Directional drilling involves controlling the direction of a wellbore as it is being drilled. Directional drilling typically utilizes a combination of three basic techniques, each of which presents its own special features. First, the entire drill string may be rotated from the surface, which in turn rotates a drilling bit connected to the end of the drill string. This technique, sometimes called “rotary drilling,” is commonly used in non-directional drilling and in directional drilling where no change in direction during the drilling process is required or intended. Second, the drill bit may be rotated by a downhole motor that is powered, for example, by the circulation of fluid supplied from the surface. This technique, sometimes called “slide drilling,” is typically used in directional drilling to effect a change in direction of a wellbore, such as in the building of an angle of deflection, and almost always involves the use of specialized equipment in addition to the downhole drilling motor. Third, rotation of the drill string may be superimposed upon rotation of the drilling bit by the downhole motor. Additionally, a new method of directional drilling has emerged which provides steering capability while rotating the drill string, referred to as a rotary steerable system.
The most common way to directional drill is through the use of a bend near the bit in a downhole steerable mud motor. Directional drilling is accomplished with the alternating combination of two drilling operations. In the sliding mode, the drill string is slowly rotated to orient the bend in the desired direction so that the bend points the bit in a direction different from the axis of the wellbore. Once oriented, the bit turns by pumping mud through the mud motor, while the drill string does not rotate but rather slides, allowing the bit to drill in the direction it points. When a particular wellbore direction is achieved, that direction may be maintained by rotating the entire drill string so that the bit does not drill in a single direction off the wellbore axis, but instead sweeps around and its net direction coincides with the existing wellbore.
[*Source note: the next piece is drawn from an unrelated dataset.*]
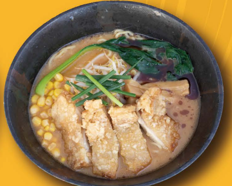
R-5 クリスピーチキン鶏味噌ラーメン CRISPY MISO RAMEN Miso Ramen mit Crispy Chicken und Gemüse 14,80€

This technique has required operators to maintain an inventory of downhole tools with different bend angles to accommodate different amounts of “build rate” while drilling. In directional drilling, higher build motors allow for more rapid changes in the direction of the wellbore. However, higher build rates can result in higher loads on the drill string, due to increased doglegs and more severe wellbore spiraling. Further, large bend angle motors experience larger lateral loads while rotating and as such pipe fatigue becomes a concern. A too small bend angle limits the driller's ability to follow a planned well path or to make corrections when deviations occur. Changing the bend angle would require pulling the bottom hole assembly and refitting with a new downhole tool with a different amount of bend, which is a costly and time-consuming project.
The subject matter of the present disclosure is directed to overcoming, or at least reducing the effects of, one or more of the problems outlined above.
In one aspect, a downhole tool for use in directional drilling comprises an outer housing having an opening; an insert disposed within the outer housing, comprising: a piston; and a pad disposed radially outward of the piston, wherein extension of the piston urges the pad outward through the opening of the outer housing for engagement with a wellbore and increasing build rate while drilling; an electric motor, configured to cause extension of the piston; and circuitry configured to control the electric motor upon receipt of a command received from uphole.
In another aspect, a method of changing build rate while directionally drilling comprises receiving by a downhole tool a first command to increase build rate from uphole; extending a pad outward from the downhole tool responsive to the first command; and engaging the pad with a wellbore.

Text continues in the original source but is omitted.